• _Problem description_: Provide a verbatim copy of all the records below, leaving the images out.
++++++++
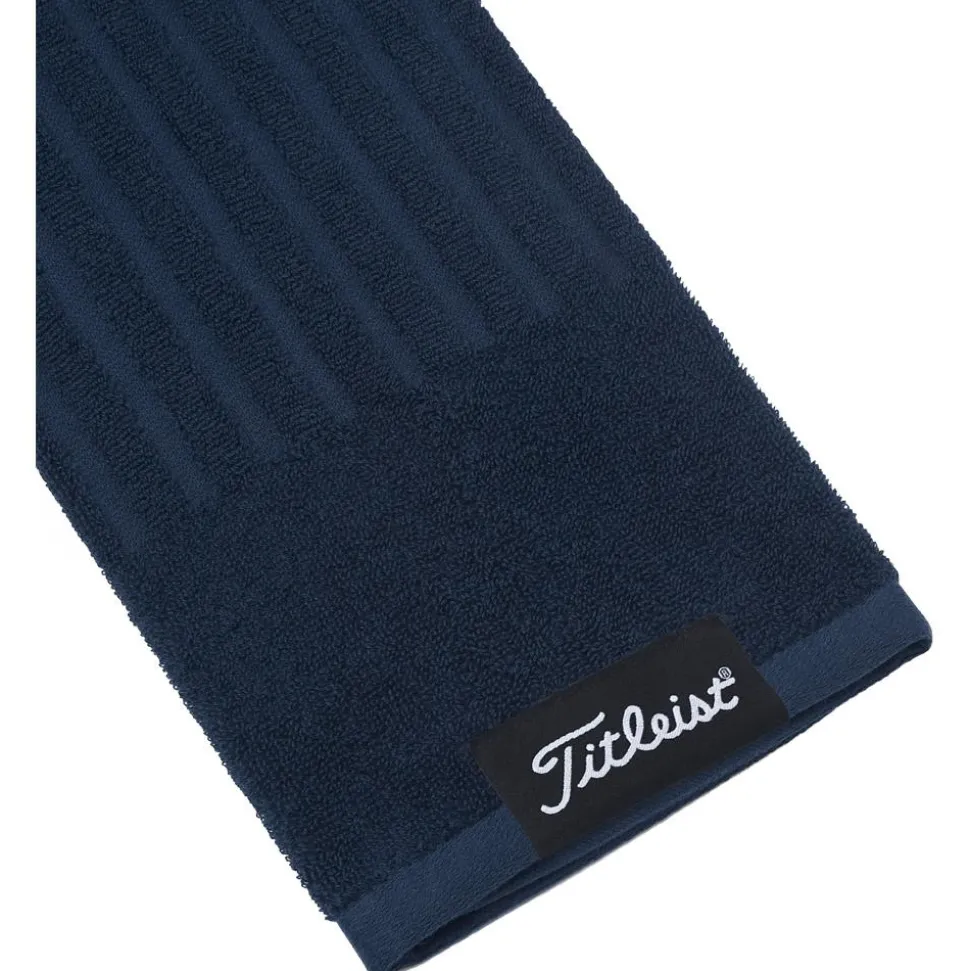 Grâce à son mousqueton, la serviette golf Tri-Fold Cart Towel Navy de Titleist se fixe tout simplement à votre sac, permettant de ne pas la perdre et de l’avoir continuellement sous la main
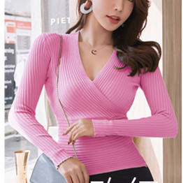 This Year's Super Popular Women's Threaded Long-sleeved Sweater, Low-cut Cross Deep V, Sexy and Gentle Coexist
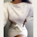 Fashion Dolman Sleeve Round Neck Slim Fit Beaded Dress
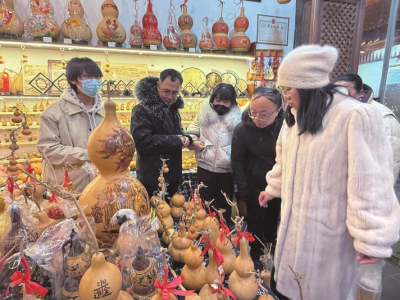 葫蘆烙畫吸引眼球。本報(bào)記者高瑋攝 祥蛇納福至,新歲瑞光盈。忻州古城張燈結(jié)彩,大年初一,許多游客走進(jìn)古城,沉浸式感受非遺的獨(dú)特魅力。 在吆喝聲此起彼伏的年貨市集,醒獅帽、剪紙、提燈等頗具年味的商品擺滿攤位,讓游客目不暇接,尤其是精美的葫蘆烙畫、面塑、扎染等非遺,既有傳統(tǒng)文化的風(fēng)韻,又融入現(xiàn)代設(shè)計(jì)巧思。 鐵板為紙、長(zhǎng)勺為筆、糖漿如墨,在非遺代表性傳承人張師傅的巧手下,琥珀色的糖漿流瀉而下,提腕、重點(diǎn)、拖尾……一系列動(dòng)作行云流水,幾個(gè)來回后,一幅精美的糖畫便躍然眼前。張師傅說:“糖畫是很多人的兒時(shí)回憶,也是過年的儀式感。我會(huì)把糖畫的手藝和甜蜜的年味年復(fù)一年地傳遞下去?!?/p> 身著鮮艷服飾,雙手緊握鼓槌的鑼鼓隊(duì)員們一記有力的重槌落下,瞬間吸引所有人的注意力。厚重密集的鼓點(diǎn)如驚雷滾滾,與清脆的銅鑼聲交織,活力四射地慶祝著新春。除了鑼鼓,跑驢兒、原平鳳秧歌、繁峙漁翁逗海蚌、定襄高蹺秧歌……各類特色表演接連上演,市民游客紛紛駐足觀看,陣陣叫好。 忻州古城相關(guān)負(fù)責(zé)人張如亭表示,春節(jié)期間,古城將舉辦多場(chǎng)非遺表演,除了山西本地非遺,還有陜西橫山腰鼓、侗族多耶舞、桂南采茶戲等,眾多精彩節(jié)目齊聚,營(yíng)造了濃厚熱烈的新春氛圍。 夜幕降臨,盞盞造型各異的花燈點(diǎn)亮古城,流光溢彩。為了給游客帶來更加豐富的節(jié)日體驗(yàn),忻州古城精心籌備了一系列花燈展覽,打造出一個(gè)年味濃郁的秀容城。蛇造型的花燈自然是燈展的“c位”,不少游客在蛇燈前拍照打卡,想討個(gè)新年的好彩頭。 忻州古城用一場(chǎng)場(chǎng)文化盛宴,讓游客不僅品嘗到美食、欣賞到美景,深入領(lǐng)略中華優(yōu)秀傳統(tǒng)文化的博大精深,也讓這個(gè)蛇年春節(jié)更加難忘。 本報(bào)記者高瑋 (責(zé)任編輯:盧相汀) |
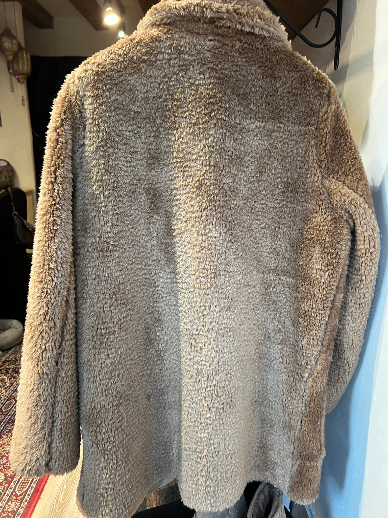 Cappotto tipo orsetto con chiusura doppiopetto, tasche esterne. 100% poliestere
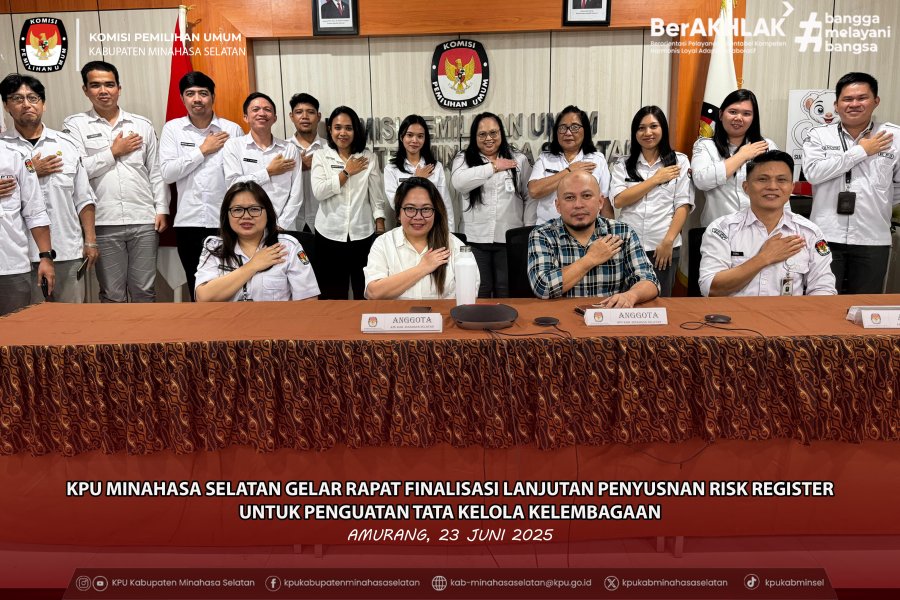 Dengan adanya penyusunan Risk Register ini, KPU Kabupaten Minahasa Selatan berharap dapat menciptakan sistem kerja yang lebih siap menghadapi ketidakpastian, memperkuat budaya sadar risiko, serta memastikan tercapainya sasaran strategis lembaga secara efektif dan efisien.
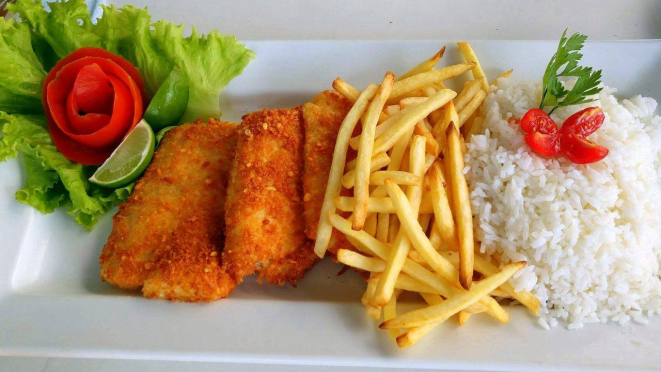 já poderia ser sozinho o prato principal) e fritas. Mas ainda tem salmão,
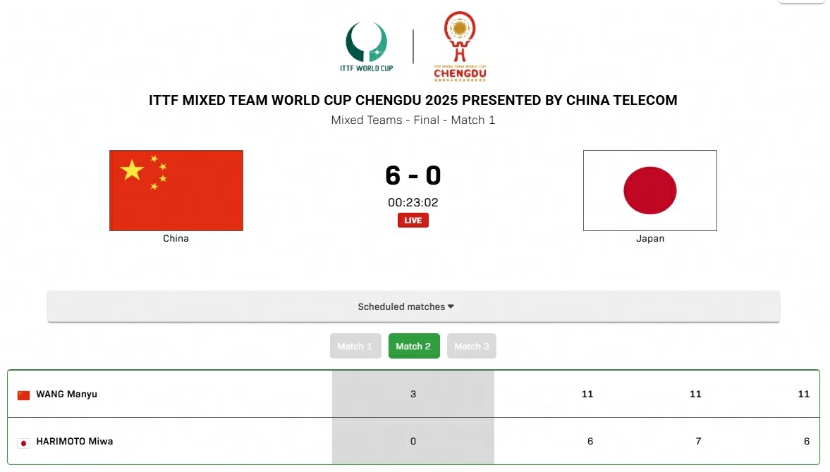 王曼昱3比0张本美和又一个3-0!国际乒联混合团体世界杯决赛,中国队vs日本队,第二盘,王曼昱3-0 完胜张本美和,比分为11-6、11-7、11-6。中国队大比分6-0领先!第三盘,林诗栋对阵张本智和
++++++++
• _Output for this exercise_:
 Grâce à son mousqueton, la serviette golf Tri-Fold Cart Towel Navy de Titleist se fixe tout simplement à votre sac, permettant de ne pas la perdre et de l’avoir continuellement sous la main
 This Year's Super Popular Women's Threaded Long-sleeved Sweater, Low-cut Cross Deep V, Sexy and Gentle Coexist
 Fashion Dolman Sleeve Round Neck Slim Fit Beaded Dress
 葫蘆烙畫吸引眼球。本報(bào)記者高瑋攝 祥蛇納福至,新歲瑞光盈。忻州古城張燈結(jié)彩,大年初一,許多游客走進(jìn)古城,沉浸式感受非遺的獨(dú)特魅力。 在吆喝聲此起彼伏的年貨市集,醒獅帽、剪紙、提燈等頗具年味的商品擺滿攤位,讓游客目不暇接,尤其是精美的葫蘆烙畫、面塑、扎染等非遺,既有傳統(tǒng)文化的風(fēng)韻,又融入現(xiàn)代設(shè)計(jì)巧思。 鐵板為紙、長(zhǎng)勺為筆、糖漿如墨,在非遺代表性傳承人張師傅的巧手下,琥珀色的糖漿流瀉而下,提腕、重點(diǎn)、拖尾……一系列動(dòng)作行云流水,幾個(gè)來回后,一幅精美的糖畫便躍然眼前。張師傅說:“糖畫是很多人的兒時(shí)回憶,也是過年的儀式感。我會(huì)把糖畫的手藝和甜蜜的年味年復(fù)一年地傳遞下去?!?/p> 身著鮮艷服飾,雙手緊握鼓槌的鑼鼓隊(duì)員們一記有力的重槌落下,瞬間吸引所有人的注意力。厚重密集的鼓點(diǎn)如驚雷滾滾,與清脆的銅鑼聲交織,活力四射地慶祝著新春。除了鑼鼓,跑驢兒、原平鳳秧歌、繁峙漁翁逗海蚌、定襄高蹺秧歌……各類特色表演接連上演,市民游客紛紛駐足觀看,陣陣叫好。 忻州古城相關(guān)負(fù)責(zé)人張如亭表示,春節(jié)期間,古城將舉辦多場(chǎng)非遺表演,除了山西本地非遺,還有陜西橫山腰鼓、侗族多耶舞、桂南采茶戲等,眾多精彩節(jié)目齊聚,營(yíng)造了濃厚熱烈的新春氛圍。 夜幕降臨,盞盞造型各異的花燈點(diǎn)亮古城,流光溢彩。為了給游客帶來更加豐富的節(jié)日體驗(yàn),忻州古城精心籌備了一系列花燈展覽,打造出一個(gè)年味濃郁的秀容城。蛇造型的花燈自然是燈展的“c位”,不少游客在蛇燈前拍照打卡,想討個(gè)新年的好彩頭。 忻州古城用一場(chǎng)場(chǎng)文化盛宴,讓游客不僅品嘗到美食、欣賞到美景,深入領(lǐng)略中華優(yōu)秀傳統(tǒng)文化的博大精深,也讓這個(gè)蛇年春節(jié)更加難忘。 本報(bào)記者高瑋 (責(zé)任編輯:盧相汀) |
 Cappotto tipo orsetto con chiusura doppiopetto, tasche esterne. 100% poliestere
 Dengan adanya penyusunan Risk Register ini, KPU Kabupaten Minahasa Selatan berharap dapat menciptakan sistem kerja yang lebih siap menghadapi ketidakpastian, memperkuat budaya sadar risiko, serta memastikan tercapainya sasaran strategis lembaga secara efektif dan efisien.
 já poderia ser sozinho o prato principal) e fritas. Mas ainda tem salmão,
 王曼昱3比0张本美和又一个3-0!国际乒联混合团体世界杯决赛,中国队vs日本队,第二盘,王曼昱3-0 完胜张本美和,比分为11-6、11-7、11-6。中国队大比分6-0领先!第三盘,林诗栋对阵张本智和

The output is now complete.